Creo que es el primero, mi recuerdo más lejano en el tiempo. Transcurre el año mil novecientos cincuenta y pocos, y yo tengo esos pocos años de la década iniciada. Ando en casa de mis padres, en su dormitorio, donde acompaño y «ayudo» a la moza de la casa, que está arreglando la habitación. (Durante mi infancia siempre hubo alguna moza sirviendo en casa de mis padres.)
Antonia, que es el nombre de esta mujer, está haciendo la cama en el momento exacto cuya imagen visual todavía, tantos años después, viene a mi mente de vez en cuando. Y yo, muy pequeño, mientras espero a que haga la cama, que es en lo que más me gusta «colaborar», juego a su alrededor, ajeno al mundo exterior a mi entorno de la casa paterna, totalmente ajeno a lo que me espera, a lo por venir, feliz en mi reducido, sosegado y rutinario presente.
En la habitación, al otro lado de la cama (imagen nítida aunque silueteada, pues recibe la luz de la ventana que tiene detrás), mi madre está junto al pequeño armario ropero de dos cuerpos, guardando alguna prenda de vestir puesta para la ocasión de la que viene, y viene de la peluquería, de hacerse la permanente, un rizado de pelo hecho, como su nombre indica, para permanecer durante mucho tiempo, para durar.

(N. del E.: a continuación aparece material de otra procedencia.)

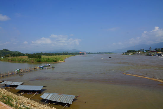 gemacht. Am Goldenen Dreieck hat man gleichzeitig die Länder Thailand, Myanmar und Laos vor sich. Wer möchte, kann auch mit einem der zahlreichen Boote eine Tour entlang des Mekong machen. In dieser Gegend sind die all gegenwertigen Polizeikontrollen natürlich verstärkt vorzufinden. Der Grund dafür ist der rege Handel mit Drogen in diesem Grenzgebiet. Bei uns vielen die Kontrollen nicht sonderlich genau aus. Meistens wenn die Polizisten sehen dass wir Europäer sind, winken sie einen gleich weiter - Gott sei Dank, denn gerade heute hatte ich weder meinen Reisepass noch Führerschein dabei - ein wenig nervös hat mich diese Tatsache dann doch gemacht. Aber alles ist gut gegangen. Im Grenzstädtchen Mae Sai haben wir noch einen kurzen Blick auf den Grenzübergang zu Myanmar gemacht. Als Tourist kann man für ein paar Baht die Brücke überqueren, und in Myanmar billigste Kopien von allerlei Dingen einkaufen.

Tengo miedo y me escondo detrás de Antonia, me agarro a sus piernas, saco la cabeza por un lateral y me asomo para mirar con desconfianza, con temor. ¿¡Con desconfianza!? ¿¡Con temor!?... Pero... ¿miedo de qué?, ¿¡de mi madre!? Pues sí, miedo de mi madre, a la que con el nuevo aspecto no reconozco como tal: me la han cambiado, no tiene la misma cabeza, la misma cara: ¡NO ES MI MADRE!